*** SOURCE MATERIAL Section Begins ***
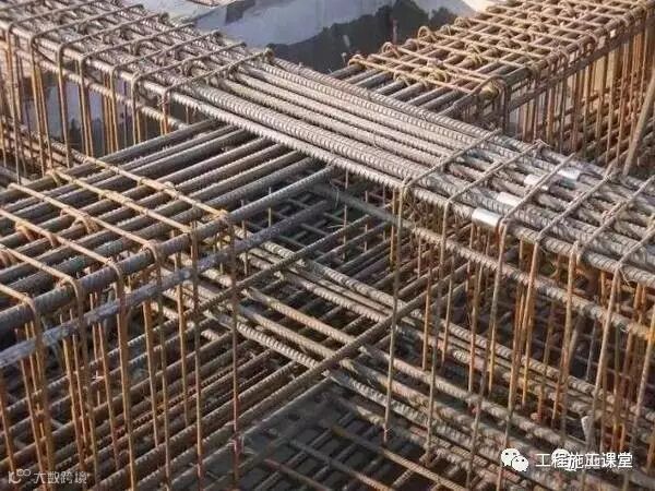 (2)梁柱节点处钢筋密集,绑扎梁筋时先插底筋,然后绑扎柱箍筋,再插梁上铁。
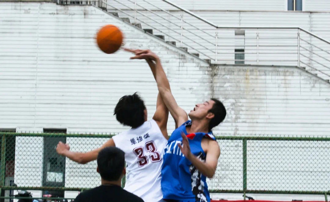 学生队开始反击,通过几次犯规罚球和三分球入网将比分迫近至4分。学生队青春活力,教师队稳健从容。三秒区内,他们拼抢每一个篮板,全力拿下每一次封盖。他们的行动向每一位观众展示着篮球精神,即使处于劣势,也要寸土必争,挡拆配合,包夹防守,队友的给力配合让比赛更加精彩。虽相对落后,学生队多次轮换交替进攻,毫不气馁。至上半场比赛结束,比分为44:39,学生队将分差迫近至5分。
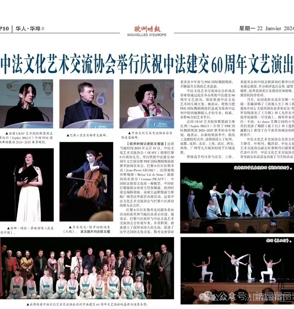 1月22日,巴黎當(dāng)?shù)刂形拿襟w《歐洲時(shí)報(bào)》對中法文化藝術(shù)交流協(xié)會慶祝中法建交60周年活動的報(bào)道,刊登了法國富麗凱參加活動的照片。
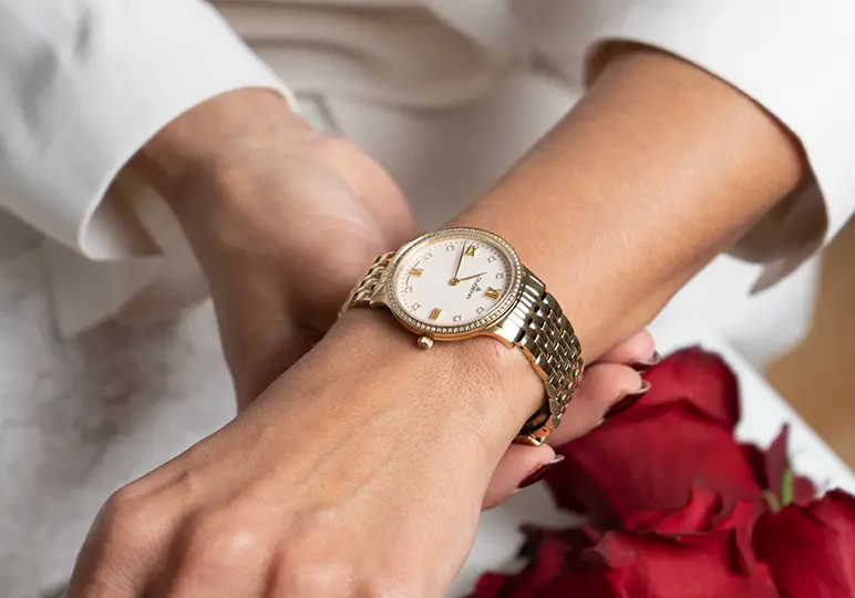 Unsere Hochzeitsuhren überzeugen durch langlebige Qualität und stilvolle Ästhetik. Gefertigt aus hochwertigem Edelstahl, bieten sie eine perfekte Kombination aus Robustheit und edler Optik. Die verwendeten Uhrwerke und Werkkomponenten sind speziell für eine lange Lebensdauer konzipiert, damit Ihr Euch über viele Jahre hinweg an Eurem Schmuckstück erfreuen könnt.
*** SOURCE MATERIAL Section Ends ***
What's needed is every line above, retyped exactly and free of pictures.

 (2)梁柱节点处钢筋密集,绑扎梁筋时先插底筋,然后绑扎柱箍筋,再插梁上铁。
 学生队开始反击,通过几次犯规罚球和三分球入网将比分迫近至4分。学生队青春活力,教师队稳健从容。三秒区内,他们拼抢每一个篮板,全力拿下每一次封盖。他们的行动向每一位观众展示着篮球精神,即使处于劣势,也要寸土必争,挡拆配合,包夹防守,队友的给力配合让比赛更加精彩。虽相对落后,学生队多次轮换交替进攻,毫不气馁。至上半场比赛结束,比分为44:39,学生队将分差迫近至5分。
 1月22日,巴黎當(dāng)?shù)刂形拿襟w《歐洲時(shí)報(bào)》對中法文化藝術(shù)交流協(xié)會慶祝中法建交60周年活動的報(bào)道,刊登了法國富麗凱參加活動的照片。
 Unsere Hochzeitsuhren überzeugen durch langlebige Qualität und stilvolle Ästhetik. Gefertigt aus hochwertigem Edelstahl, bieten sie eine perfekte Kombination aus Robustheit und edler Optik. Die verwendeten Uhrwerke und Werkkomponenten sind speziell für eine lange Lebensdauer konzipiert, damit Ihr Euch über viele Jahre hinweg an Eurem Schmuckstück erfreuen könnt.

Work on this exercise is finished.